Source data:
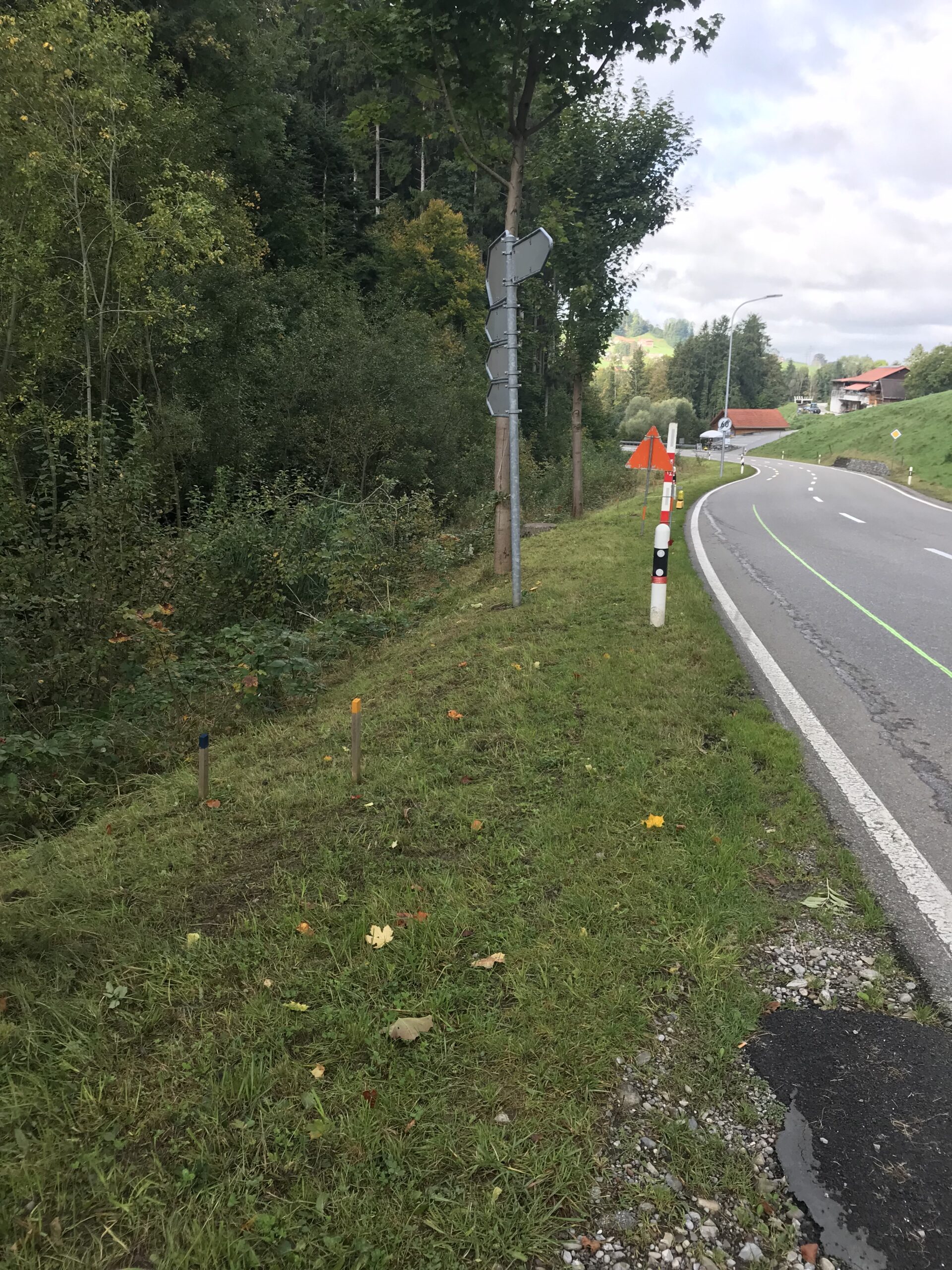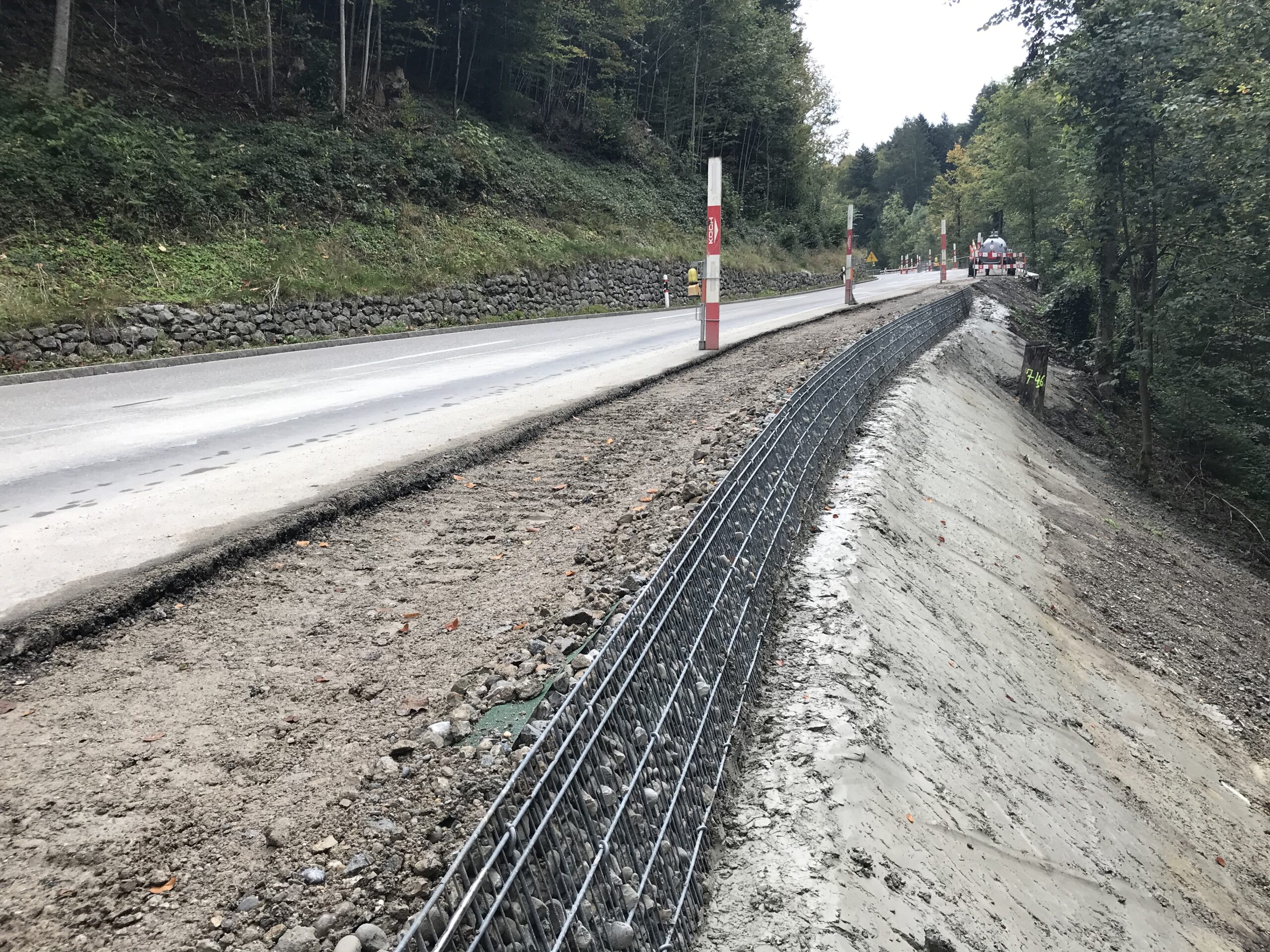 Bei einer Strassenverbreiterung wurde das anstehende Strassenbankett mit Rüglei-Gittern gesichert. Die Front wurde mit Schotter geschüttet.
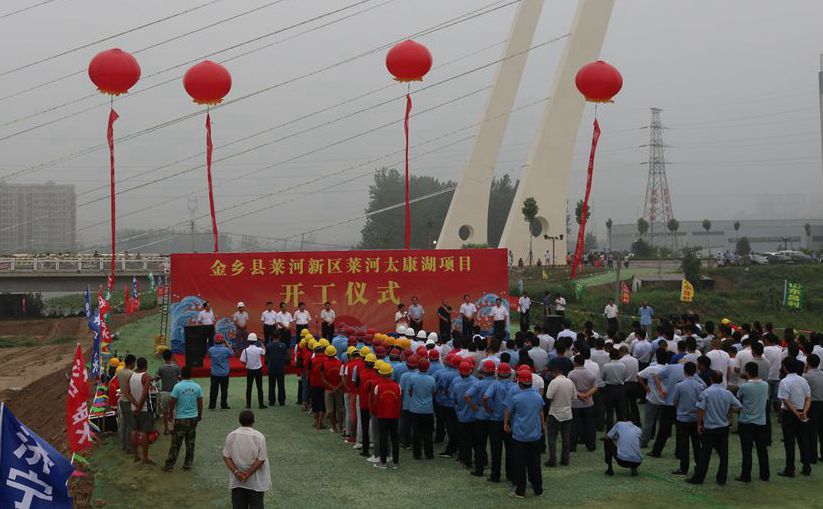 7月28日,萊河新區(qū)萊河太康湖項目開工儀式在金鄉(xiāng)縣舉行。金鄉(xiāng)縣委書記董冰,縣委副書記、縣長鄭士民,縣人大常委會主任付元琦,縣政協(xié)主席胡桂生,山東水控發(fā)展集團有限公司董事長吳東振、總經(jīng)理李加坤,濟寧金水水利工程有限公司,縣財政局、國土局等政府各部門主要負(fù)責(zé)人150余人出席開工儀式。儀式由縣委副書記、縣長鄭士民主持。
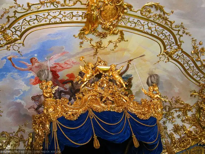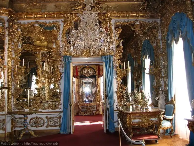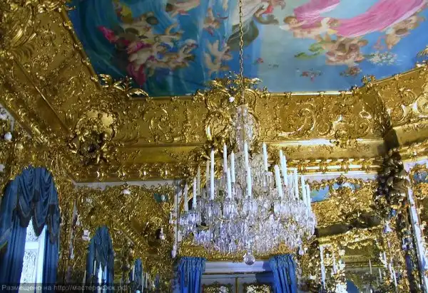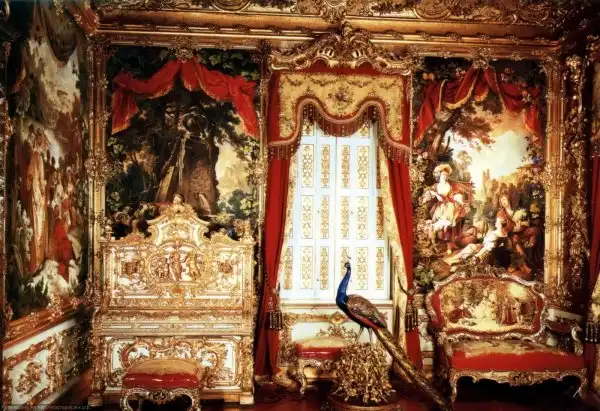 Великолепие барокко и роскошь роккоко в мраморе, картинах и гобеленах в сочетании с избытком позолоты и зеркал, оптически увеличивающих размеры помещений, ошеломляет своей пышностью. Здесь всего слишком: слишком много позолоты, слишком много росписи, вышивок и гобеленов, зеркал и прочих красивостей для невзыскательного глаза неискушенного зрителя.

Required action: Skip the pictures; extract only the lines from the line with "7月28日,萊河新區(qū)" through the final line of the material, exactly as they appear.

Solution to this exercise:
 7月28日,萊河新區(qū)萊河太康湖項目開工儀式在金鄉(xiāng)縣舉行。金鄉(xiāng)縣委書記董冰,縣委副書記、縣長鄭士民,縣人大常委會主任付元琦,縣政協(xié)主席胡桂生,山東水控發(fā)展集團有限公司董事長吳東振、總經(jīng)理李加坤,濟寧金水水利工程有限公司,縣財政局、國土局等政府各部門主要負(fù)責(zé)人150余人出席開工儀式。儀式由縣委副書記、縣長鄭士民主持。
 Великолепие барокко и роскошь роккоко в мраморе, картинах и гобеленах в сочетании с избытком позолоты и зеркал, оптически увеличивающих размеры помещений, ошеломляет своей пышностью. Здесь всего слишком: слишком много позолоты, слишком много росписи, вышивок и гобеленов, зеркал и прочих красивостей для невзыскательного глаза неискушенного зрителя.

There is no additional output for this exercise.